Mitchell and Jessen gave depositions in a lawsuit filed by the American Civil Liberties Union (ACLU) on behalf of three former prisoners, including one who died in custody. The case was settled for undisclosed terms in August 2017 and the two former contractors did not testify in court.
"This testimony marks a critical moment for reckoning with the torture committed in the American people's name," said ACLU staff attorney Dror Ladin, "Mitchell and Jessen, along with collaborators in the US government, are responsible for shameful cruelty that the CIA is still trying to cover up."
Mitchell was expected to be followed on the stand by Jessen. Their testimony will likely take up much of a pretrial hearing scheduled to last two weeks.
'Tainted by torture'
The defendants include Khalid Shaikh Mohammad, an al-Qaeda operative who has portrayed himself as the mastermind of the 9/11 attacks. All five face the death penalty if convicted of charges that include terrorism and nearly 3,000 counts of murder for their alleged roles in planning and providing logistical support for the hijacking plot.
Under a 2006 law that set up the military commission, any statements must be voluntary to be admitted into evidence and the government is not seeking to use at the trial anything the men said while in CIA custody.
But the prisoners also gave what prosecutors have called "clean" statements to the FBI after they arrived at Guantanamo.
Lawyers for the five defendants argue that everything the men have said in custody was tainted by the torture they were subjected to while in CIA confinement.

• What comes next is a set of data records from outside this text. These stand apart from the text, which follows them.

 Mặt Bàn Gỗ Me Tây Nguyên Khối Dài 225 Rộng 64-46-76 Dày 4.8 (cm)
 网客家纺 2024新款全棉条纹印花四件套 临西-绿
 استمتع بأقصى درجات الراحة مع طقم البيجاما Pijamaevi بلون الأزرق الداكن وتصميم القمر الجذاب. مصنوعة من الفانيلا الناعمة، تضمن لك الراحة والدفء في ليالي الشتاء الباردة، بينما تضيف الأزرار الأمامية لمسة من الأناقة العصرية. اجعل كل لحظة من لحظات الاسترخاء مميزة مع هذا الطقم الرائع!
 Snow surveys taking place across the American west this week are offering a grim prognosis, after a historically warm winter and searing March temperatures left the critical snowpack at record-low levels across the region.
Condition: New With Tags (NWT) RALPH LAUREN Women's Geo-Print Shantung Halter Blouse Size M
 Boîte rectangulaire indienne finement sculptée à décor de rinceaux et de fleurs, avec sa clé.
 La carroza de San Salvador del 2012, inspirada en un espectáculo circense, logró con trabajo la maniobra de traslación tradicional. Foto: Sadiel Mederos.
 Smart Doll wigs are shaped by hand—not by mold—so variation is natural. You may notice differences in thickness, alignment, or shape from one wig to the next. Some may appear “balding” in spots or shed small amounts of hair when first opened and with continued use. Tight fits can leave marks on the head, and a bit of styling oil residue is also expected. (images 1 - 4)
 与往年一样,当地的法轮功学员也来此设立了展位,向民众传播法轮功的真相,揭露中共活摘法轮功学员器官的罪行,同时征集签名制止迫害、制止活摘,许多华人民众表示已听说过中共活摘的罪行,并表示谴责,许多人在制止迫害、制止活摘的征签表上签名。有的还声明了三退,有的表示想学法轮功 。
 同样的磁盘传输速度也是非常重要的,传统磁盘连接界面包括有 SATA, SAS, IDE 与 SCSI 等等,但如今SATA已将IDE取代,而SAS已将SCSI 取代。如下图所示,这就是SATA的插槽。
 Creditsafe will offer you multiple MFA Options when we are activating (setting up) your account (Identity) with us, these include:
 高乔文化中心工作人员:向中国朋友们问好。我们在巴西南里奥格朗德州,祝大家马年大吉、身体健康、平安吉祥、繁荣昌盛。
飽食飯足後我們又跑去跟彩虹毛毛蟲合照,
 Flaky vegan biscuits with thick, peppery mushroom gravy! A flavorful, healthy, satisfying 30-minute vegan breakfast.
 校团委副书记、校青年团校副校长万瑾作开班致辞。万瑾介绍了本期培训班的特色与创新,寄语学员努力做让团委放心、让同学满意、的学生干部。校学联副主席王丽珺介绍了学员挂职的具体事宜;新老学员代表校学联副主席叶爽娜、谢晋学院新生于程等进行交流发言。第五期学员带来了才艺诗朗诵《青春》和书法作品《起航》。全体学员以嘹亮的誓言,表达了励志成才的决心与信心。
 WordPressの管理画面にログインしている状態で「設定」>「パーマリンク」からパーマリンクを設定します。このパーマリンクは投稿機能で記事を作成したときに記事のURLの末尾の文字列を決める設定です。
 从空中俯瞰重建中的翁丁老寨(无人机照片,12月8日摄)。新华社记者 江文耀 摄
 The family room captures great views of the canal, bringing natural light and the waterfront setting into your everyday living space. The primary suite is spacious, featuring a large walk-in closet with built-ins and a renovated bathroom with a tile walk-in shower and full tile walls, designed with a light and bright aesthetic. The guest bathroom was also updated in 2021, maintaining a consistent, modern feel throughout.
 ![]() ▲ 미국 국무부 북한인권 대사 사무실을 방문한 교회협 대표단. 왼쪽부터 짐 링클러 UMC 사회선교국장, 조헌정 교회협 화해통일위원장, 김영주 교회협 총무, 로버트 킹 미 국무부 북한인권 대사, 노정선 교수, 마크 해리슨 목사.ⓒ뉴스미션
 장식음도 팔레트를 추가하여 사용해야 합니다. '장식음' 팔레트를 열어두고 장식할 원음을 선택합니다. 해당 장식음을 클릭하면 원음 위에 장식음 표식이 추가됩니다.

Connell, a lawyer for defendant Ammar al-Baluchi, said he believes the FBI helped guide some of the questioning of the men and that others in the government were also involved in developing the programme starting with the capture of a prisoner known as Abu Zubaydah in 2002.
"Dr Mitchell plays an important role but ultimately a small one," in developing and carrying out the interrogations, said Connell, whose client is a nephew of Mohammad.
A Senate investigation in 2014 found that the interrogation programme designed by Mitchell and Jessen was used on 39 detainees and produced no useful intelligence. They were paid $81m for their work, according to the Senate report.
Mitchell and Jessen previously worked at the Air Force survival school at Fairchild Air Force Base outside Spokane, Washington, where they trained pilots to avoid capture and resist interrogation and torture. The CIA hired them to reverse-engineer that training to break terrorism suspects.
They defended their work when the lawsuit was settled, arguing that neither contractor condoned or conducted any mistreatment of prisoners and that the overall programme was authorised by the government.
Jessen said in a statement then that he and Mitchell "served our country at a time when freedom and safety hung in the balance."
The proceedings at Guantanamo were being transmitted to several government installations in the US, including Fort Meade, Maryland, where they were viewed by The Associated Press news agency.